The median follow-up period was 21 (range: 0-121) months. In the entire group of patients, the median OS was 34 months, and the 3- and 5-year survival rates were 48.5% and 36.9%, respectively.
Among the 134 patients undergoing pancreas resections for PDAC, 46 patients (34%) were aged 75 years or older. The comparison of clinicopathologic characteristics and postoperative outcomes between the elderly and younger patients was shown in Table 1. Although the elderly patients had more risk and trend with aspect to hemoglobin level and NLR (P = 0.010, P = 0.062), there were no significant differences in the induction and completion rates of NACRT, intraoperative variables including the surgical procedures, incidence of portal vein resection, length of operation and blood loss, and pathological data of LN metastasis and resection status between the two groups.
Mortality occurred in a patient in the younger group. Morbidity [18] (≥ Grade IIIb) occurred in 7 (15%) in the elderly group. The elderly group experienced a significantly higher incidence of postoperative major complications (P = 0.046). The incidence of POPF was similar between the two groups, while DGE occurred more frequently in the elderly patients than in the younger patients (P = 0.001). Furthermore, postoperative hospital stay in
the elderly group was longer than that in the younger group (P = 0.008). The induction rate of ACT was similar between the two groups (74% vs 80%, P = 0.458), however, the completion (more than 6 months) rate was significantly lower in the elderly group than the younger group (P = 0.022). Only 16 (35%) patients could complete ACT in the elderly group.
NACRT was performed for 82 patients (61%). Twenty-seven (59%) patients in the elderly group received NACRT (2 weeks: n = 18 and 5 weeks: n = 9), and 55 (63%) in the younger group did (2 weeks: n = 36 and 5 weeks: n = 19). There were no significant differences about the induction of NACRT between the two groups (P = 0.668). As for the completion rate, 24 out of 27 (89%) completed NACRT protocol in the elderly group and 48 out of 55 (87%) in the younger group. There were no significant differences about the completion rate of NACRT between the two groups. More importantly, both groups had high completion rate of NACRT regardless of the treatment period.
The median overall survival (OS) time and 3-year OS rate in the elderly patients were 27 months and 45%, compared to 58 months and 52% in the younger patients, respectively (Fig. 1a). As well, the median relapse free survival time and 3-year relapse free survival rate (RFS) in the elderly patients were 18 months and 36%, compared to 16 months and 36% in the younger patients, respectively (Fig. 1b).

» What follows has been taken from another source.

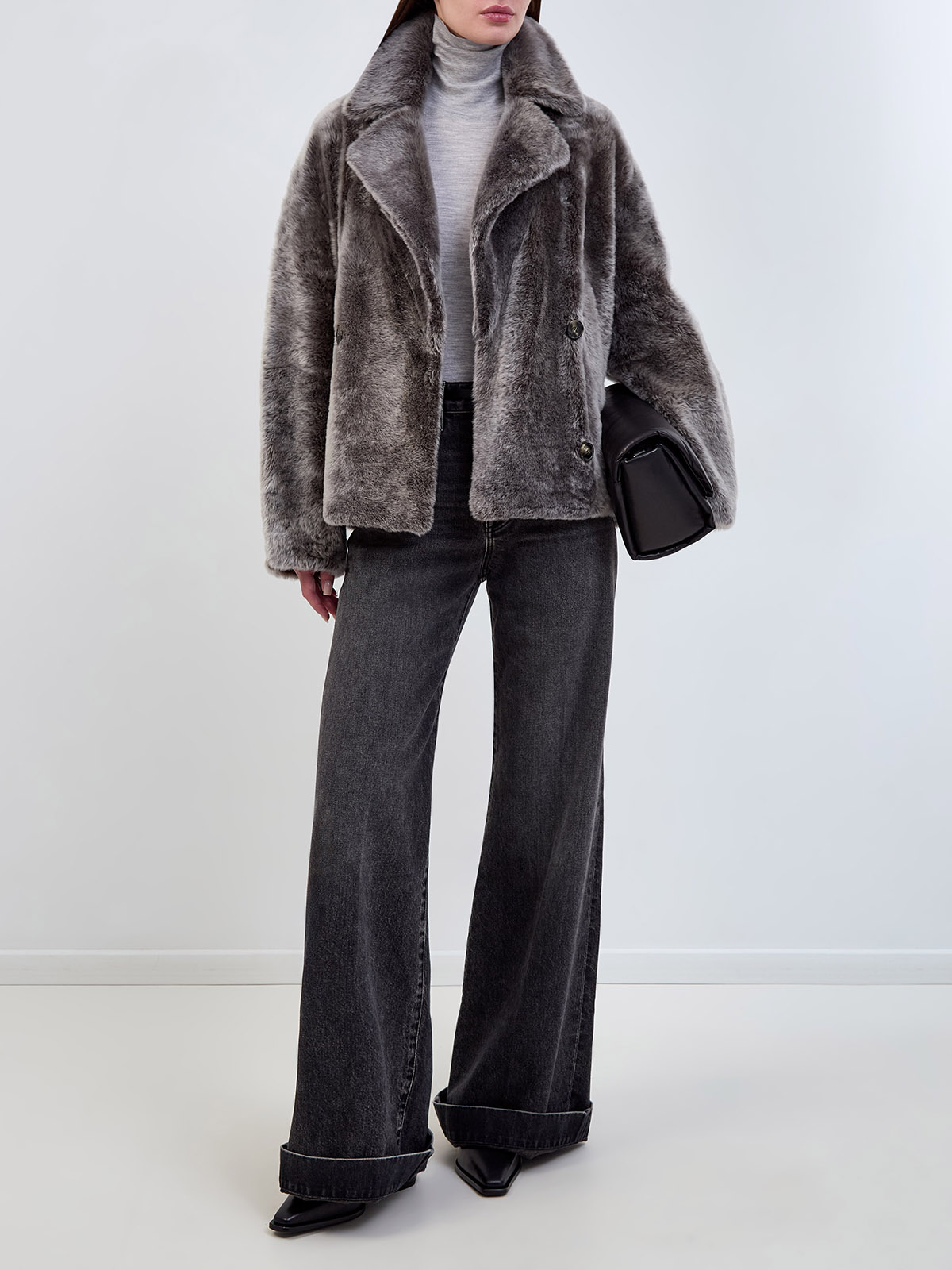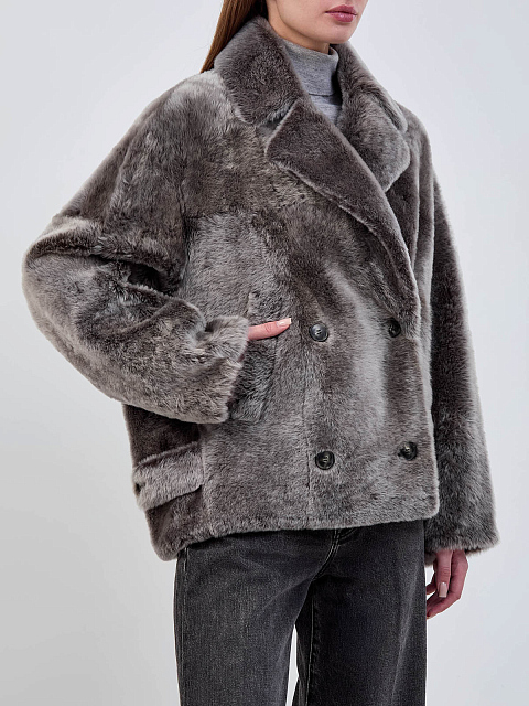 Короткая шуба из меха ягненка с двубортной застежкой

The differences were not statistically significant both in OS and RFS between the two groups (P = 0.270, P = 0.699).
Table 2 shows the subgroup analysis for the clinicopathological factors in elderly patients with (n = 27) and without (n = 19) NACRT. The background factors such as age, sex, BMI, resectability [15], serum albumin and hemoglobin, NLR, intraoperative blood loss, transfusion, pathological LN metastases and resection status were not significantly different between the patients with and without NACRT. PD and TP were more frequently performed in patients with NACRT (P = 0.014). Portal vein was more frequently resected in the NACRT group (P = 0.044), and operation time was significantly longer in patients with NACRT (P = 0.049). As for perioperative outcomes, there were no significantly differences in morbidity, postoperative hospital stay and ACT induction and completion rates between the patients with and without NACRT.
The elderly patients with completion of postoperative ACT had significantly better OS than those without completion or induction of ACT (P = 0.032) (Fig. 2). The median OS and 3-year OS rate in the elderly patients with completion of ACT were 45 months and 66%, compared to 18 months and 33% in its counterpart. On the other hand, NACRT itself did not significantly affect OS in elderly patients, however, there was a trend toward improvement of OS (P = 0.072) (Fig. 3).
Figure 4 showed OS curves in the elderly group dividing into 4 groups with and without inductions of NACRT and ACT. Only patients who introduced both NACRT and ACT had significantly better OS than those who did either of NACRT or ACT or did not do either (P = 0.042, P = 0.017 and P = 0.002). It was suggested that performing NACRT before surgery and further performing ACT after surgery would improve OS for the elderly patients.